Industry experts believe there are three possible options that confront Indian IT firms. “One, they can continue trying to build consulting arms in-house. Second, they can acquire consulting capabilities and run those as separate firms (externally) and try to collaborate on downstream work (internally). The third option is to collaborate with other emerging Indian management consulting firms, just like McKinsey and IBM did in the last century," Mukherjee said.
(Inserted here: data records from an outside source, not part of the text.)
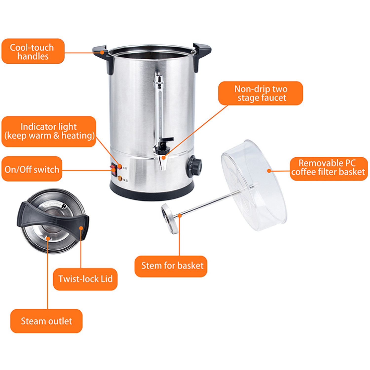 25 litre commercial coffee urn designed for catering customers that need easy access to coffee, whether you are using it for social gatherings, business meetings, club, group function or waiting areas, this urn will definitely meet your expectations.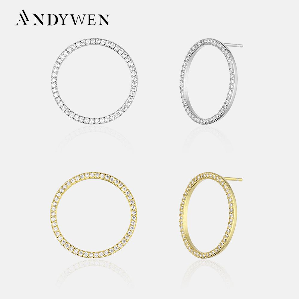 ANDYWEN стерлингового серебра 925 пробы, золото, большой круг, CZ Pave, серьги-гвоздики, клипсы, роскошные ювелирные изделия, круглые хрустальные женские клипсы, драгоценности — купить товар онлайн с бесплатной доставкой по всему миру!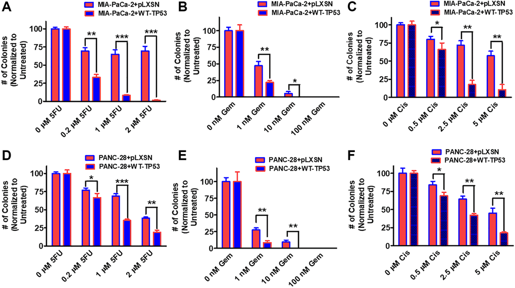 The ability of WT-TP53 to suppress clonogenicity in 5-fluorouracil, gemcitabine and cisplatin was determined in MIA-PaCa-2 and PANC-28 cell containing and lacking WT-TP53. Upon restoration of WT-TP53 activity in MIA-PaCa-2 and PANC-28 cells, clonogenicity decreased in a dose-dependent fashion more dramatically in cells containing WT-TP53 activity (Figure 8). Although gemcitabine inhibited clonogenicity in cells containing and lacking WT-TP53 activity. Thus, restoration of WT-TP53 suppressed clonogenicity in larger culture volumes containing chemotherapeutic drugs carried out for 14–21 days and it reduced the IC50s for chemotherapeutic drugs in smaller cultures carried out over 5 days [40, 41].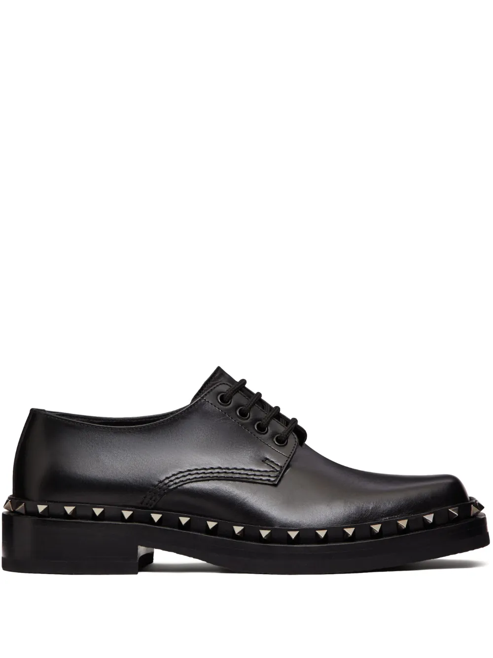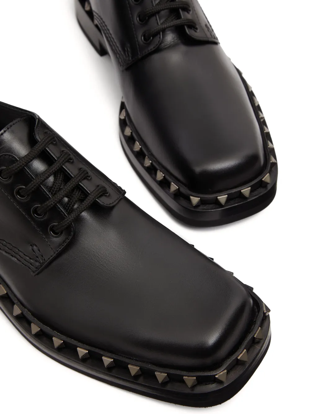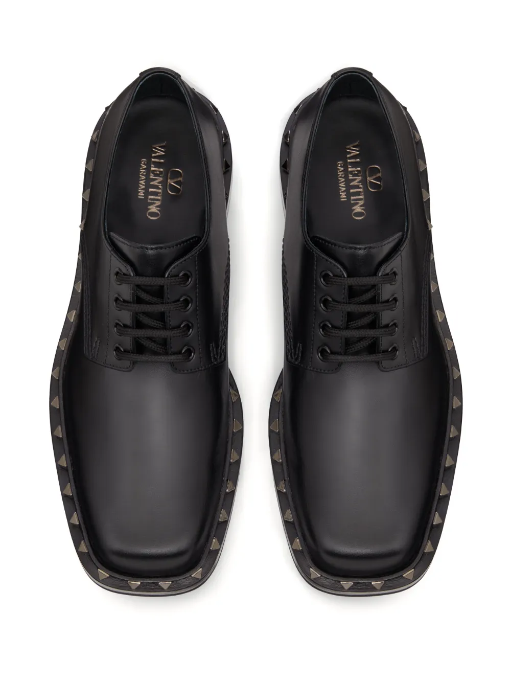 Seamlessly merging rebellion with elegance, Valentino Garavani presents these Rockstud derby shoes. Crafted from smooth black leather, they feature a sleek square toe and gold-tone stud detailing adorning the outsole.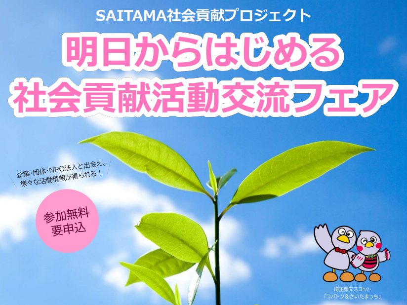 この度、SAITAMA社会貢献プロジェクトの取組で培った知見等をもとに、CSR・社会貢献活動をこれから始めたい企業・団体等に対して、活動を始めるきっかけづくりや活動をステップアップする機会を提供するため、CSR・社会貢献活動に取り組む多様な主体が一堂に会する、「明日からはじめる社会貢献活動フェア」を初めて開催します。

While Accenture may be ahead in the game for now, a section of analysts is optimistic and believe that Indian IT services companies would eventually catch up. “Most of the digital contracts of today are consulting-led. The traditional, linear RFP-based approach is irrelevant in the current era," said D.D. Mishra, senior director analyst, Gartner. “In the last five years or so, Indian IT companies have acquired consulting companies and rolled up their sleeves. Their deal momentum and pipeline are indicative of the fact that they are able to convince customers and win a lot of digital deals. This wouldn’t be possible without strong consulting capabilities," Mishra added.

The IT industry’s apex body Nasscom also concurs with the view that the ongoing change in technology buying behaviour could actually be an opportunity for Indian IT companies. “Our view is that consulting as it existed is undergoing dramatic transformation and pure-play consulting companies are now building their own technology practice. This offers a unique opportunity for Indian tech companies to grow from here," said Sangeeta Gupta, chief strategy officer, Nasscom. “Given how technology buying itself has changed, consulting is no more disaggregated from technology so it offers a more level-playing field for Indian IT companies."